--- INPUT DATA ---
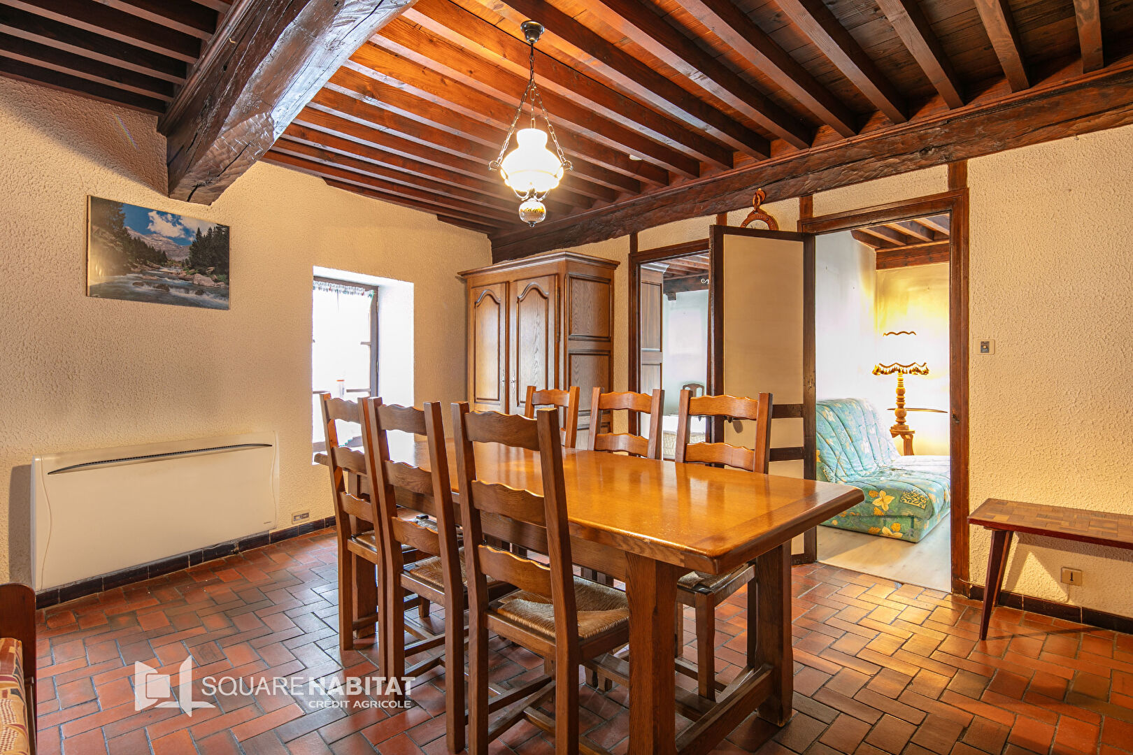 1 grande chambre, une cuisine, 1 SDB avec douche et WC.
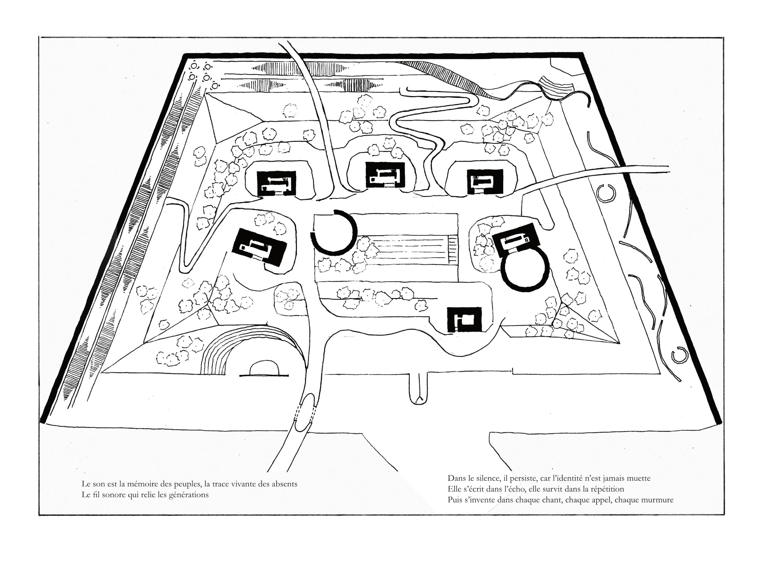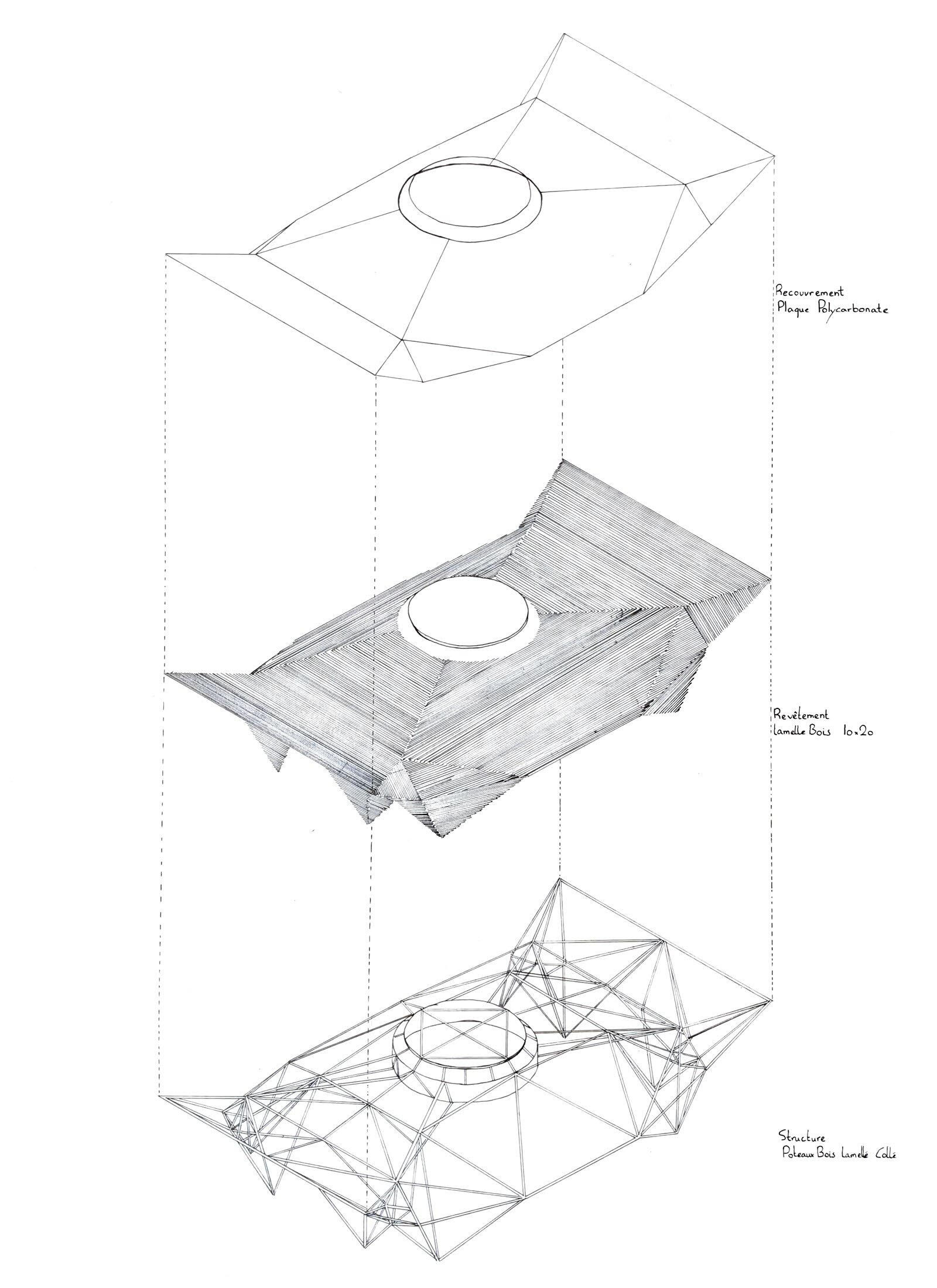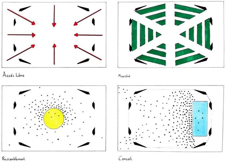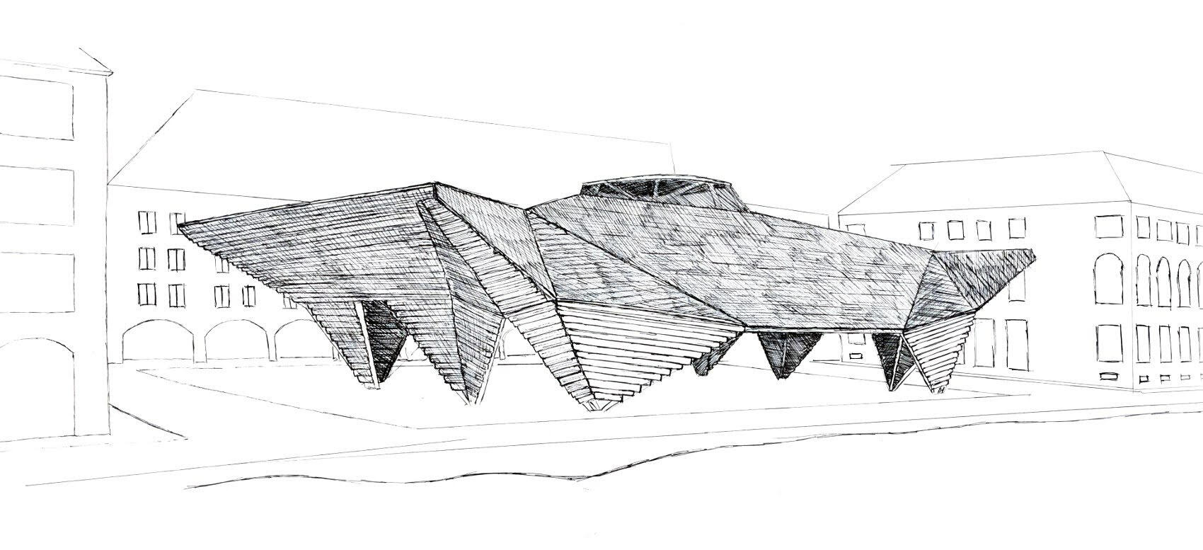 For this project we had an empty plot in a city center. The goal was to create a multipurpose space that could host markets, social gatherings, concerts ... all while taking into concideration the existing environment.I began this project by analyzing how people would move around inside the space if it were empty. Thus, I decided to open up the 4 corners of the structure to create axes of movement.
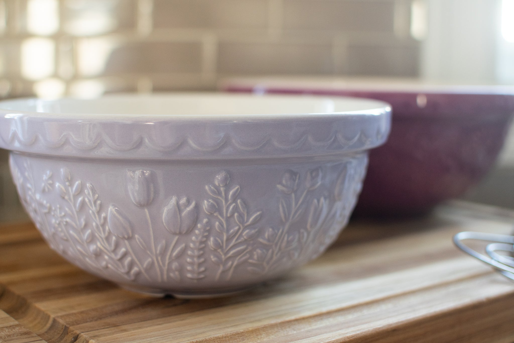 The distinct patterned exterior and rim is designed to help bakers grip and tip the bowl, while the wide shallow shape allows for kneading within the bowl.
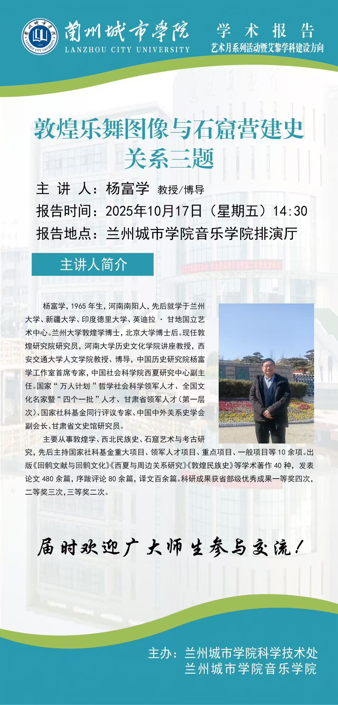 应科学技术处、音乐学院联合邀请敦煌研究院、西安交通大学人文学院教授、博导,中国历史研究院杨富学工作室首席专家、杨富学研究员来beat365作学术讲座
---
— WHAT THE EXERCISE ASKS —
A word-for-word copy is required of the lines above from the line with "For this project" through the last line of the data; no other lines and no pictures belong in it.

— TASK ANSWER —
 For this project we had an empty plot in a city center. The goal was to create a multipurpose space that could host markets, social gatherings, concerts ... all while taking into concideration the existing environment.I began this project by analyzing how people would move around inside the space if it were empty. Thus, I decided to open up the 4 corners of the structure to create axes of movement.
 The distinct patterned exterior and rim is designed to help bakers grip and tip the bowl, while the wide shallow shape allows for kneading within the bowl.
 应科学技术处、音乐学院联合邀请敦煌研究院、西安交通大学人文学院教授、博导,中国历史研究院杨富学工作室首席专家、杨富学研究员来beat365作学术讲座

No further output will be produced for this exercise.